Nun ist es natürlich in den Sektoren, in denen der Staat ein Monopol hat und wo es, im konkreten Fall bei der Schule, sogar eine verfassungsrechtliche Schulpflicht gibt und es um Kinder geht, klar, dass diese Debatte eine
emotionale Wucht hat und eine gründliche Abwägung erfordert. Die Faktenlage ist klar: Das Bundesverfassungsgericht hat im konkreten Urteil, auf das sich jetzt Linke und Grüne beziehen, nicht über das Berliner Neutralitätsgesetz entschieden. Insoweit ist es eine steile These, zu sagen, wir müssten hier die verfassungskonforme Richtigkeit herstellen.
Das Bundesarbeitsgericht hat auch nicht dieses Gesetz verworfen, sondern hat es, übrigens anders als der Wissenschaftliche Parlamentsdienst dieses Hauses, für verfassungskonform und europarechtskonform auslegbar gehalten.

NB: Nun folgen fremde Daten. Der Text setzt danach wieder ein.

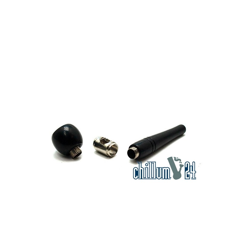 Diese kleine schwarze Holzpfeife liegt Dank ihrer Form sehr gut in der Hand und lässt sich komplett auseinanderschrauben
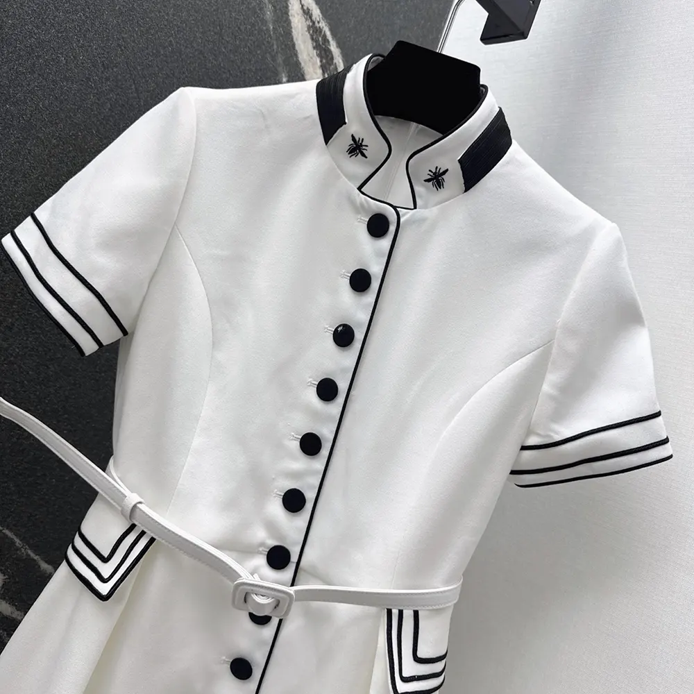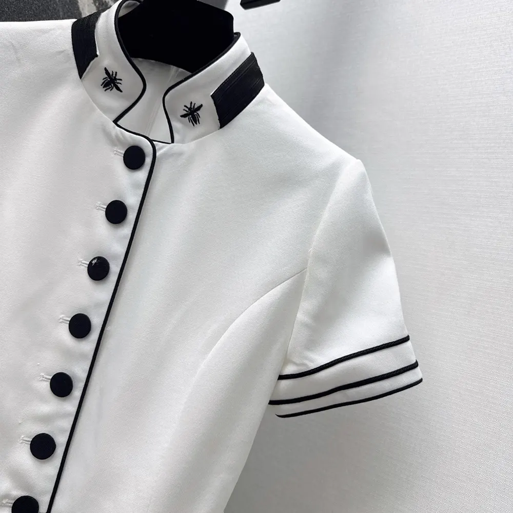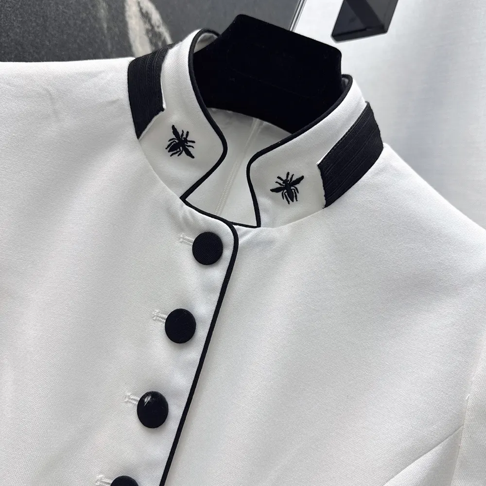 - Demonstrating the House’s exceptional savoir-faire, the officer collar is adorned with two hallmark embroidered bees, while black passementerie adds a delicate contrast to the waist and cuffs.

Und nun ist es so, dass sich die Koalition in dieser Frage, wie in vielen anderen, einen, sagen wir mal, sehr großen Zeitraum genommen hat, um zu einer gründlichen Abwägung zu kommen. Anders als an manchen Stellen, wo wir vielleicht noch miteinander reden müssen, ob wir tatsächlich über eine Gesetzesänderung zwingend reden, gibt es hier nur einen Imperativ: Die Koalition wird das Neutralitätsgesetz im Lichte der aktuellen Rechtsprechung des Bundesverfassungsgerichts und des Bundesarbeitsgerichts rechtssicher, gerichtsfest ändern.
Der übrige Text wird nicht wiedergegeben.